== Exercise data ==
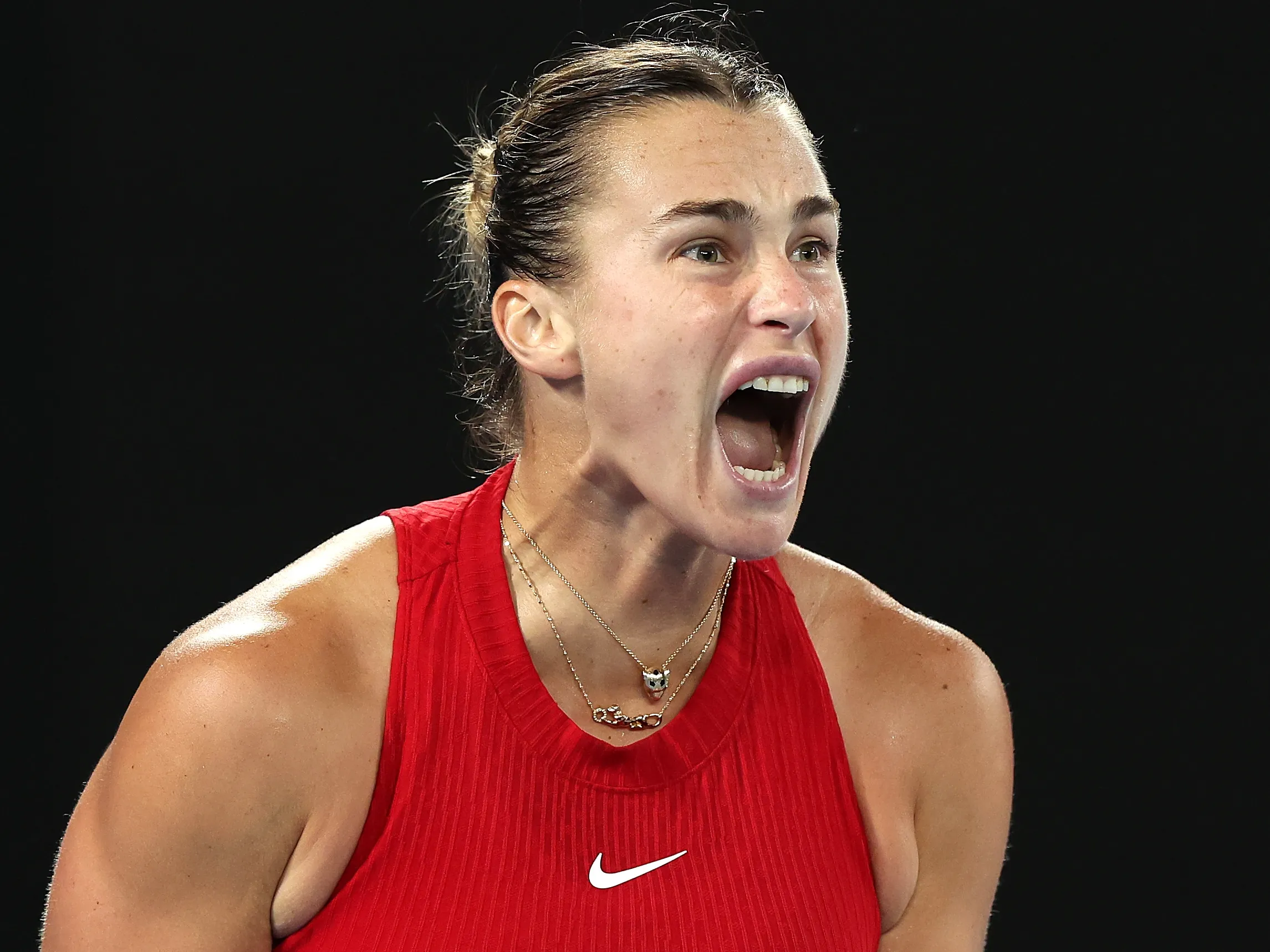 Belarus' Aryna Sabalenka reacts on a point against USA's Coco Gauff during their women's singles semi-final match on day 12 of the Australian Open tennis tournament in Melbourne on January 25, 2024. (Photo by Martin Keep/AFP Photo)
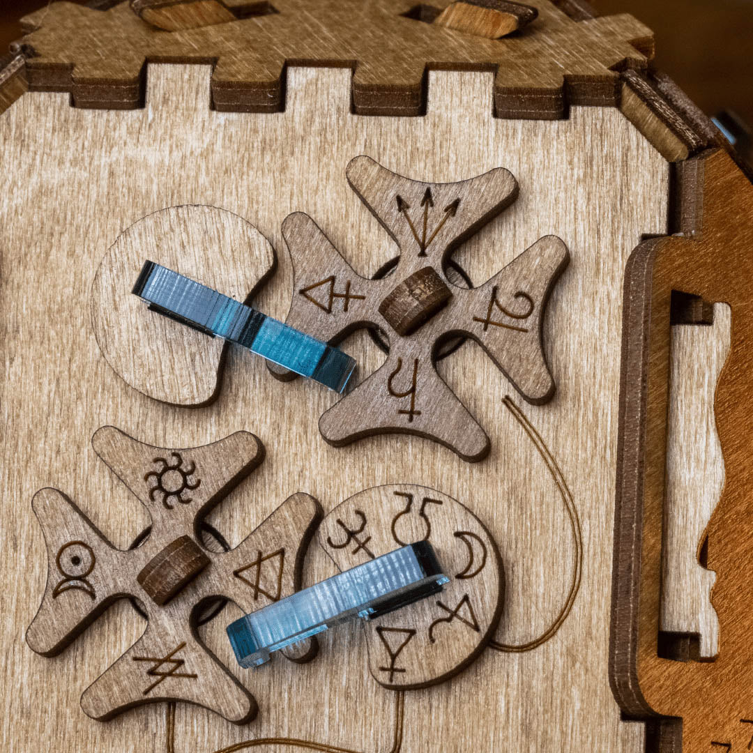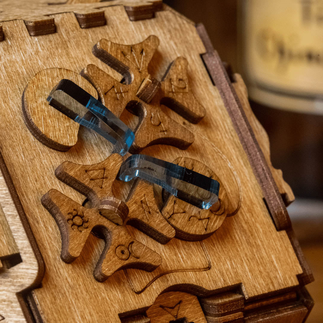 Der französische Alchemist Nicolas Flamel soll im 14. Jahrhundert den Stein der Weisen erschaffen haben – das Elixier des Lebens. Vor seinem Tod versteckte er den Stein angeblich in einer Holztruhe, um ihn vor falschen Händen zu bewahren. Diese Box ist eine Hommage an jene Legende. Wirst du derjenige sein, der das Geheimnis lüftet?
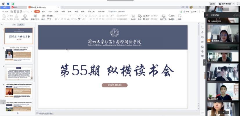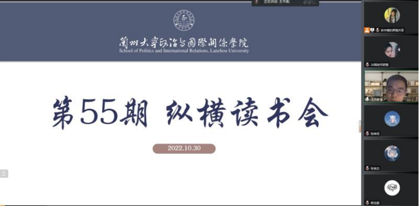 2022年10月30日上午,3522浦京集团登录入口、兰州大学中亚研究所第55期本科生“纵横读书会”以腾讯会议形式举行。本期读书会以“中亚研究现状”为主要内容,旨在帮助同学们了解当前中国中亚研究现状。学院王术森老师和十八位本科生一起参与了读书会。本次读书会主要的阅读材料是《中国中亚研究:知识增长、知识发现和努力方向》(肖斌,载《俄罗斯东欧中亚研究》2019年第5期)和《中国中亚研究30年来进展评估--基于观察视角与研究主题的评估框架》(曾向红、杨恕,载《国际观察》2020年第6期)。
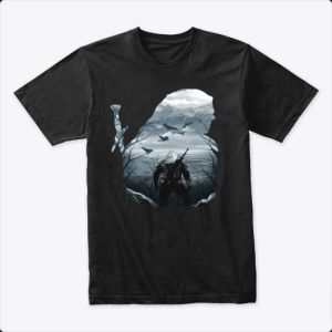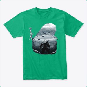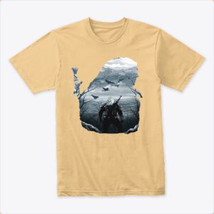 "Silent Sentinel" is a captivating T-shirt design featuring the silhouette of a lone warrior, blending seamlessly with a stormy mountain landscape. The muted colors and intricate details evoke a sense of mystery and adventure, making it perfect for fans of fantasy and epic journeys.

== What the task requires ==
In the copy, include each line from the start of the material through the line with "Der französische Alchemist", word for word, but none of the pictures.

== Exercise answer ==
 Belarus' Aryna Sabalenka reacts on a point against USA's Coco Gauff during their women's singles semi-final match on day 12 of the Australian Open tennis tournament in Melbourne on January 25, 2024. (Photo by Martin Keep/AFP Photo)
 Der französische Alchemist Nicolas Flamel soll im 14. Jahrhundert den Stein der Weisen erschaffen haben – das Elixier des Lebens. Vor seinem Tod versteckte er den Stein angeblich in einer Holztruhe, um ihn vor falschen Händen zu bewahren. Diese Box ist eine Hommage an jene Legende. Wirst du derjenige sein, der das Geheimnis lüftet?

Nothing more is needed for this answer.